*WHAT THE TASK REQUIRES:* Give back the exact lines of the material below from the one containing "C70608 Spinka 8,5" through the one containing "Le salon est", and no pictures.

*AVAILABLE DATA:*

......

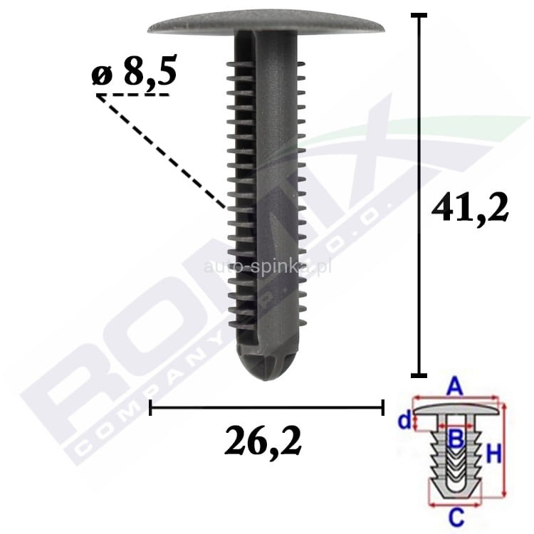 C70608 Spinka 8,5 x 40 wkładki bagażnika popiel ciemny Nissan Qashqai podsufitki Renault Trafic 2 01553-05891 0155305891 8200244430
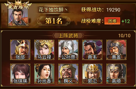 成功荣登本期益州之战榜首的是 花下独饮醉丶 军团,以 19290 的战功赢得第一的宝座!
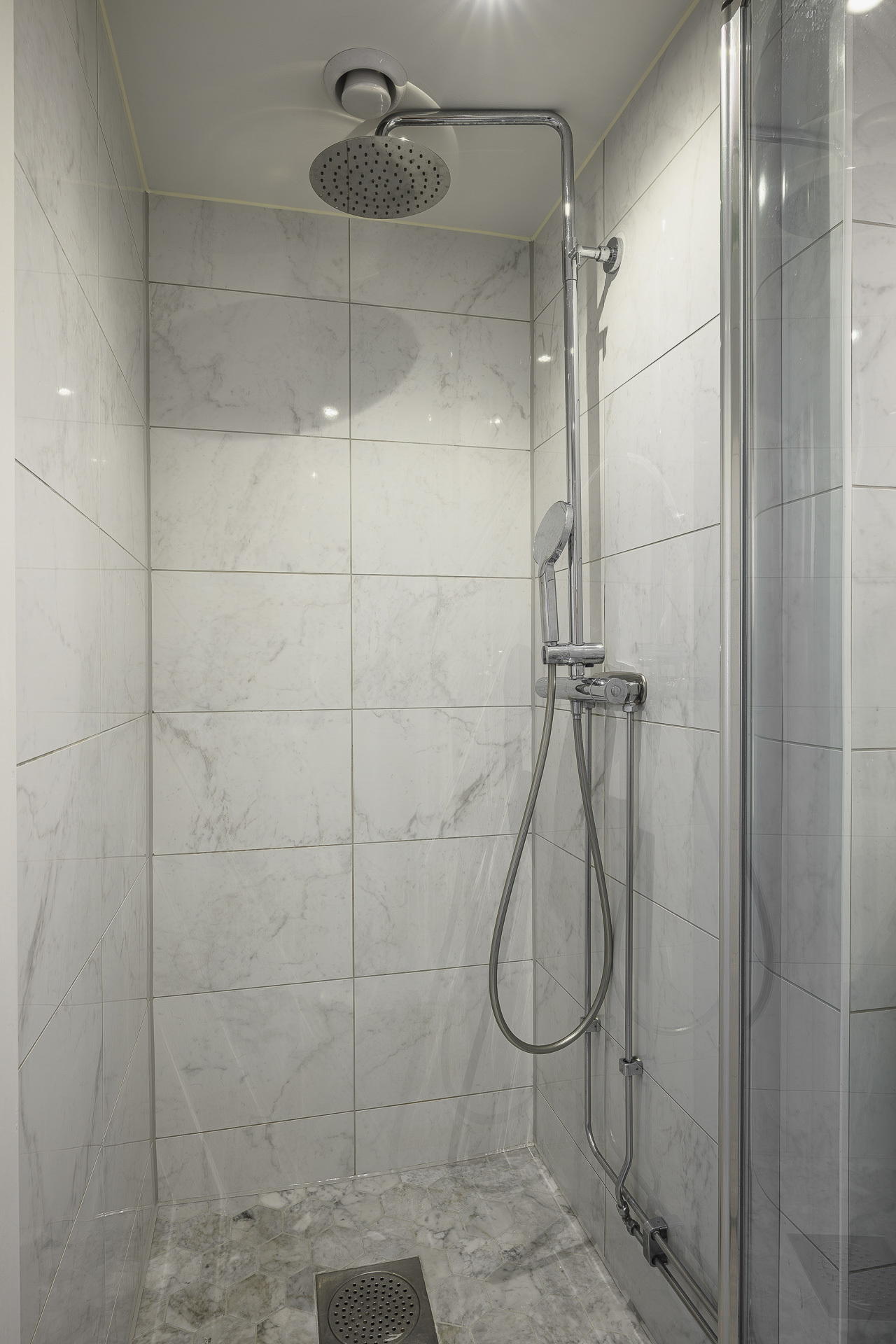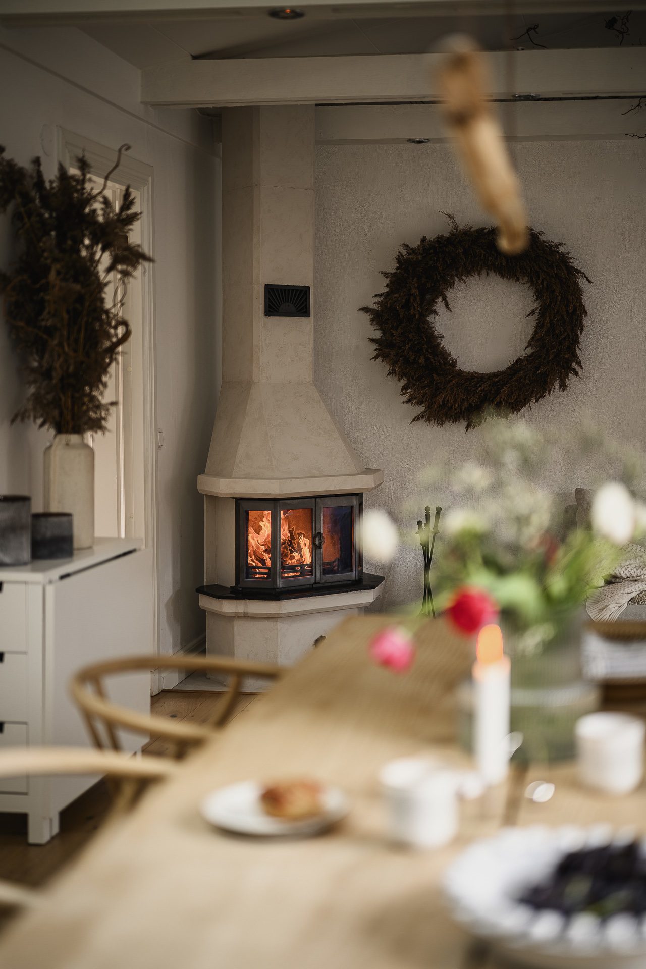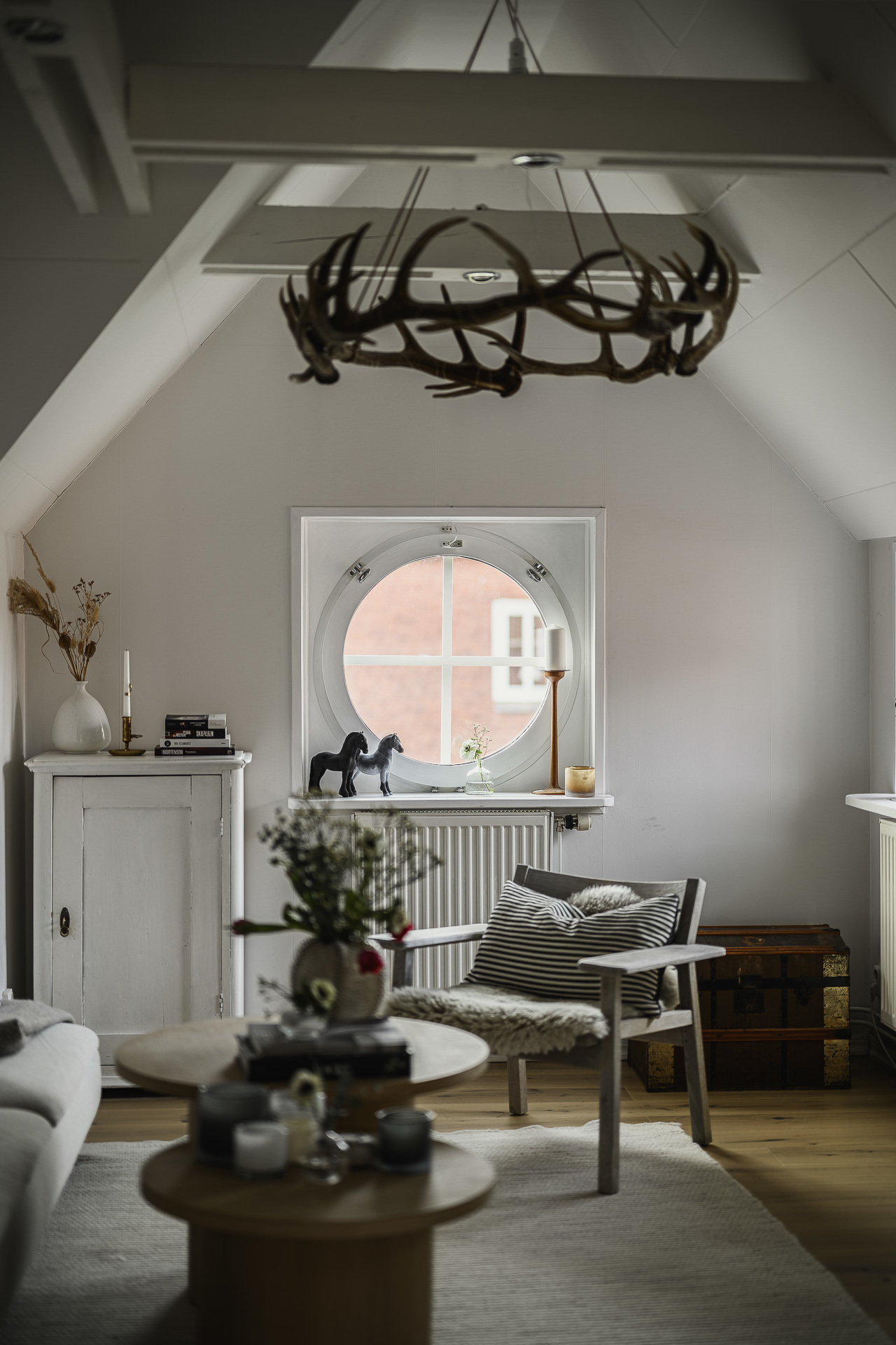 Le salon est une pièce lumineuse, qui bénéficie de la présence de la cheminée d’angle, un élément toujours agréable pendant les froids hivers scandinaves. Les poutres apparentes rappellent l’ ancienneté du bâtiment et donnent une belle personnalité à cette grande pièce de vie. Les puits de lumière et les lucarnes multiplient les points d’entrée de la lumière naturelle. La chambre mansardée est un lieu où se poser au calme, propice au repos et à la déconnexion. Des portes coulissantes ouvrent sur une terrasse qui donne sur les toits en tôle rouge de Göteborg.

......

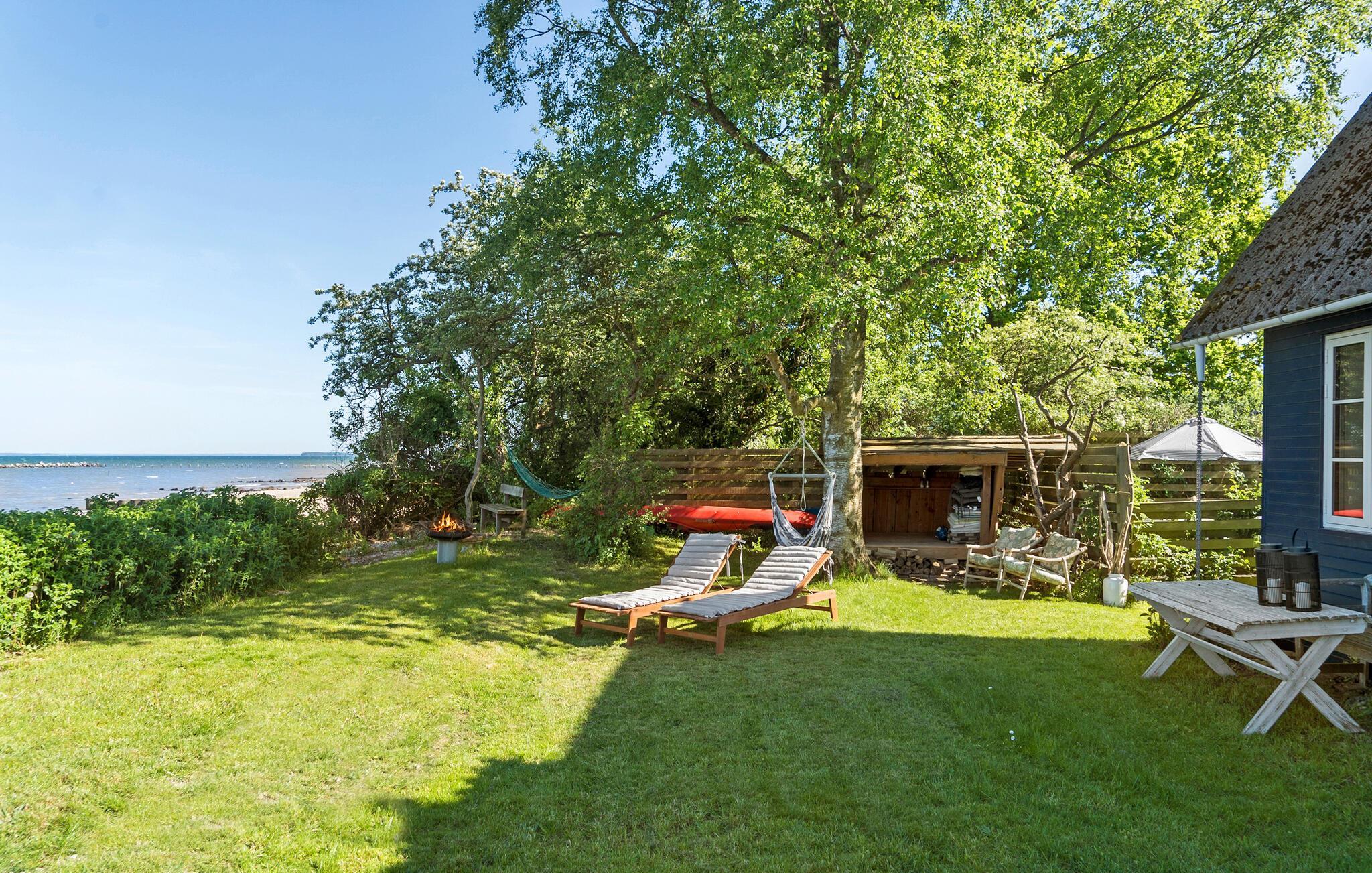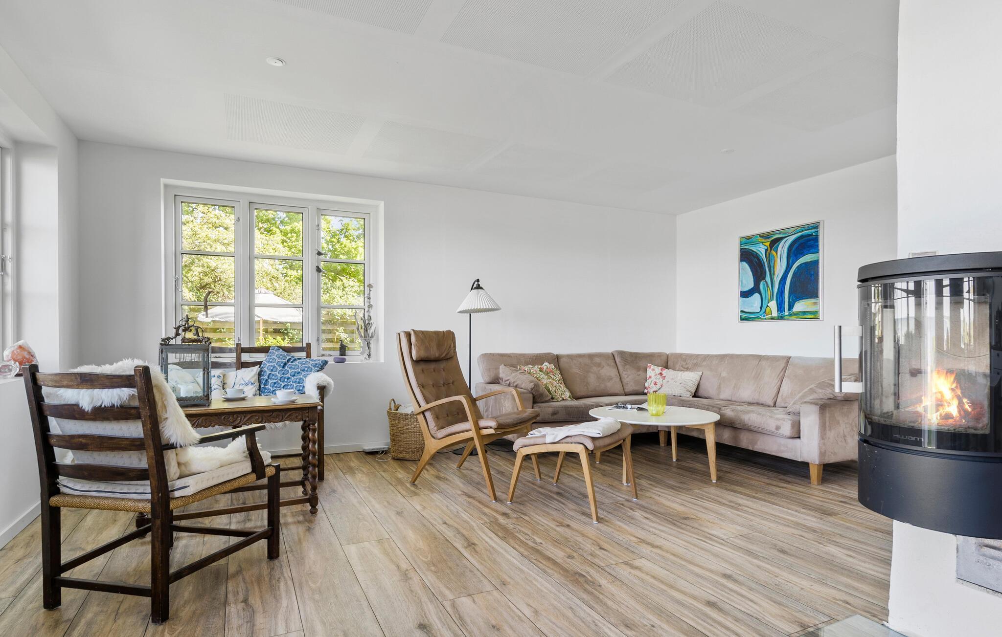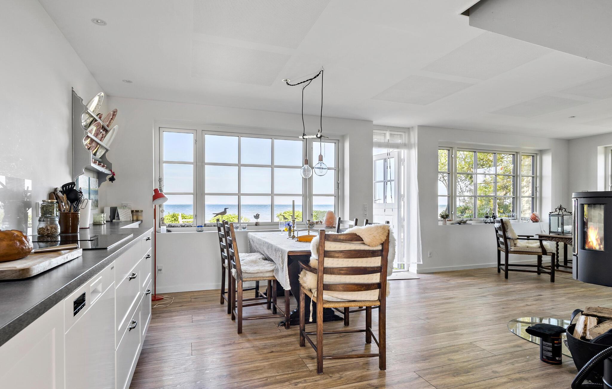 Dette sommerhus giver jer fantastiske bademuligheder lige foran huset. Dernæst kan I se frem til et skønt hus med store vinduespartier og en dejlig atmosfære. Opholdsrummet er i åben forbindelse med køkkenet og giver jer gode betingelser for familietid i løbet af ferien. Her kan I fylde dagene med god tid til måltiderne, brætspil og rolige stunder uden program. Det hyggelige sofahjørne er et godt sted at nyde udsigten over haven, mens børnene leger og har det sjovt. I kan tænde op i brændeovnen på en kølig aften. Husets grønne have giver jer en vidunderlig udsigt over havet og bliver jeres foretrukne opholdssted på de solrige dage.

......

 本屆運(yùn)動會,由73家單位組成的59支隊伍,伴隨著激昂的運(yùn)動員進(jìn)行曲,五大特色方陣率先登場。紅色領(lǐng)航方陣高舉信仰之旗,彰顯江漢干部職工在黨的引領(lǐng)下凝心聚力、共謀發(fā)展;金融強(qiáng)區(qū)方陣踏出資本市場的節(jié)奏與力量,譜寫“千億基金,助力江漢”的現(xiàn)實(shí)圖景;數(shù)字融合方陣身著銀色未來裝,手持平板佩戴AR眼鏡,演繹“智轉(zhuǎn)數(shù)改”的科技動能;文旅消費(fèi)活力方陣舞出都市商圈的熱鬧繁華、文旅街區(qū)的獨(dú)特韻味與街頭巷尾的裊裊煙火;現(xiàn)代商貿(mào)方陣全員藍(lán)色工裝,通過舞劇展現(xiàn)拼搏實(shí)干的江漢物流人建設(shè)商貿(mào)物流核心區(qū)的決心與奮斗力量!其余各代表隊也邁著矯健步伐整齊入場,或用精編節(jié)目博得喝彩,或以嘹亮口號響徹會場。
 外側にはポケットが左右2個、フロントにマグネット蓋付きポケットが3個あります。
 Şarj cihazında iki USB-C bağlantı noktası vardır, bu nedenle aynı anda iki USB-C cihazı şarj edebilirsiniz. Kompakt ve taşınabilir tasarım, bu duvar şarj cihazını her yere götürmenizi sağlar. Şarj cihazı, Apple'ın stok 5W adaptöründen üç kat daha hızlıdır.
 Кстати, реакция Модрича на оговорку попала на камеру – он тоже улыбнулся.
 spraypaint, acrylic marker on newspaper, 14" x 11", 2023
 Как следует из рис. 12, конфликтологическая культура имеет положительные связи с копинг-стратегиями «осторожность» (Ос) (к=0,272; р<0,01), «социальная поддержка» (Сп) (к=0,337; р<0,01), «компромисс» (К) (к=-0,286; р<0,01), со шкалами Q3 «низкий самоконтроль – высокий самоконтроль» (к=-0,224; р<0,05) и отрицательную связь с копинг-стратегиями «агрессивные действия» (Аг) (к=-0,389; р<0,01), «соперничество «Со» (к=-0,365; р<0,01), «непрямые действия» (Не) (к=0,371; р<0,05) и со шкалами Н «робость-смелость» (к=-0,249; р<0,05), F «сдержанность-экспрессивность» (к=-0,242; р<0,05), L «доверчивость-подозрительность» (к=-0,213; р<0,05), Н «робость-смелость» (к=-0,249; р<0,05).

......

*TASK RESULT:*
 C70608 Spinka 8,5 x 40 wkładki bagażnika popiel ciemny Nissan Qashqai podsufitki Renault Trafic 2 01553-05891 0155305891 8200244430
 成功荣登本期益州之战榜首的是 花下独饮醉丶 军团,以 19290 的战功赢得第一的宝座!
 Le salon est une pièce lumineuse, qui bénéficie de la présence de la cheminée d’angle, un élément toujours agréable pendant les froids hivers scandinaves. Les poutres apparentes rappellent l’ ancienneté du bâtiment et donnent une belle personnalité à cette grande pièce de vie. Les puits de lumière et les lucarnes multiplient les points d’entrée de la lumière naturelle. La chambre mansardée est un lieu où se poser au calme, propice au repos et à la déconnexion. Des portes coulissantes ouvrent sur une terrasse qui donne sur les toits en tôle rouge de Göteborg.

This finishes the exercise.